After I wrote this I asked a friend or two if I should post and they said, “Nahhhhhh”. I wrote it after having a couple of drinks when perhaps writing is not at its best.
Sometimes, you step back and look at the way things are in your life. On good weeks, you can feel a certain excitement or elation and other times maybe boredom or some sort of anxiety. The holidays are approaching and I have looked at the fact that I am single. Is it because I can not find a good woman? Not really, because I meet great women all the time.
Now, I have never posted on my Facebook wall anything about finding a quality woman or the women of my dreams or anything of that sort. When I think about this, I think the reason why is it could be insulting to someone who maybe I dated a few times and it never worked out. She is also single and available and maybe we have some history. If I am looking, why didn’ I pick her?

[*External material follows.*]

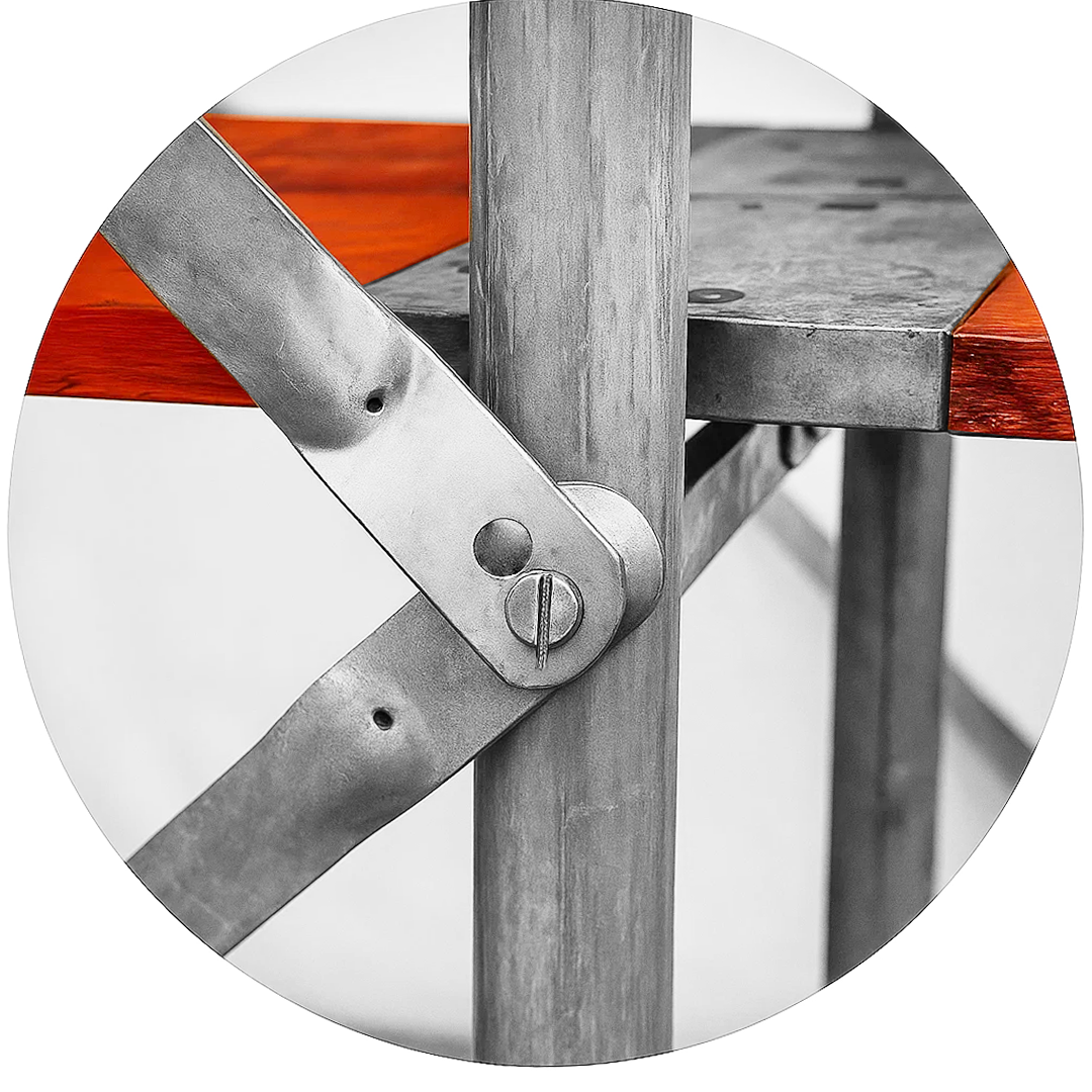 Co więcej, można je montować zarówno z podestami drewnianymi, jak i stalowymi. Cechą charakterystyczną systemu są samozamykające się trzpienie.

What actually makes the right woman? Why is a pretty, single, intelligent woman not good enough for some to settle down?
For some, it might be that they want the perfect girl. The right nose, height, age, background, color, etc. etc. etc. But is that really it? How do we know when when we find the perfect girl that her attitude doesn’t totally suck. What if she has already dated some of your friends which you find a turn off?

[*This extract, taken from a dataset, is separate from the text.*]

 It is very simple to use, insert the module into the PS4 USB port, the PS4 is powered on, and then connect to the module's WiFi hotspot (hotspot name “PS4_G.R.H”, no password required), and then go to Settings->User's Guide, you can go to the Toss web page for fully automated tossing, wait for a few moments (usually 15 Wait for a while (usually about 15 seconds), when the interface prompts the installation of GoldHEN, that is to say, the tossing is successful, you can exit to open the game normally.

I heard someone use an expression again a few days ago which I had heard which is quite frank and maybe someone will consider vulgar: “You show me the hottest girl you can find and I will show you someone who is bored with fucking her”. Ok, don’t take this the wrong way. This could mean two things. One, that men are never satisfied no matter how good they have it. Or two, perhaps outside beauty isn’t everything…. That if the person is super hot, but has no personality, sex will never be enough.
I have been a bit “gun shy” about entering another relationship and then being in something which is hard to get out of. Therefore, I have a some kind of a tendency to not commit. To tell people that I only want to be friends or something.

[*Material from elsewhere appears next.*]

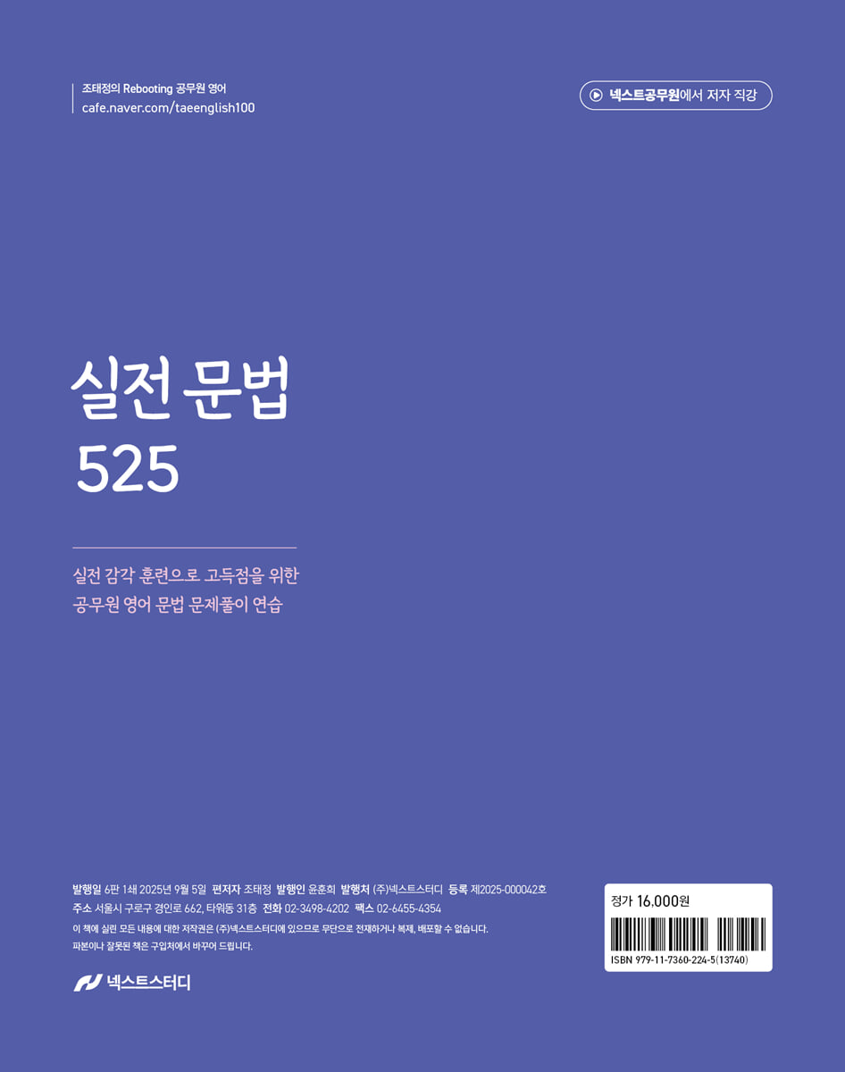 『2026 조태정 영어 실전 문법 525』의 특징은 다음과 같습니다.

When I came to the Philippines like some people, and unlike some others, I didn’t come to find a wife or to find love. I came for work without even thinking about what it would be like when it came to my dating life. When I first got here, I really didn’t go out much. I didn’t know many people and didn’t date very often. I was fortunate to meet some really quality friends right off the bat and have the occasional events to go to. My friend came from the UK and got bored a little easier and was somewhat antsy to go out more and before long, we became “famous” Hybrid and Starr patrons (Of course I don’t really believe we became famous. Filipinas say that we are in a joking way because everyone knew us there).
I have not been a good boy or a bad boy as far as I am concerned. I don’t think I am a “slut”, definitely not a pervert, but am also not an angel. But I have in all honesty had both meaningless flings and also meaningful dates and series of dates with people to this day that I care for and think highly of.
I can easily boast that I have never cheated like many guys I know have and do; however, I have also not often committed which in itself is not good. As mentioned, I did have a nice relationship which was very comfortable that lasted three or four months since I have been in Davao. It didn’t end because of a third party or anything like that and we are still friends and warm when we bump into each other, but simply, the age gap and reality probably wasn’t ideal.
Yes, I have been “committment challenged”. I know that there is always a prettier girl, smarter girl, funnier girl and the grass is always greener, but the saying goes that indecision is a form of insanity. You will go insane if you constantly try to do better because there is no ideal point. It is all subjective and could always be changing.
So the logical solution is to find the person that matches as closely as possible to your “goals for a mate” and then work hard at creating something fun and honest and real. You would then never need to look at another woman, right? Why does that sound so easy? It isn’t. That takes a strong, honest and mature man. Am I that guy? I think I could be!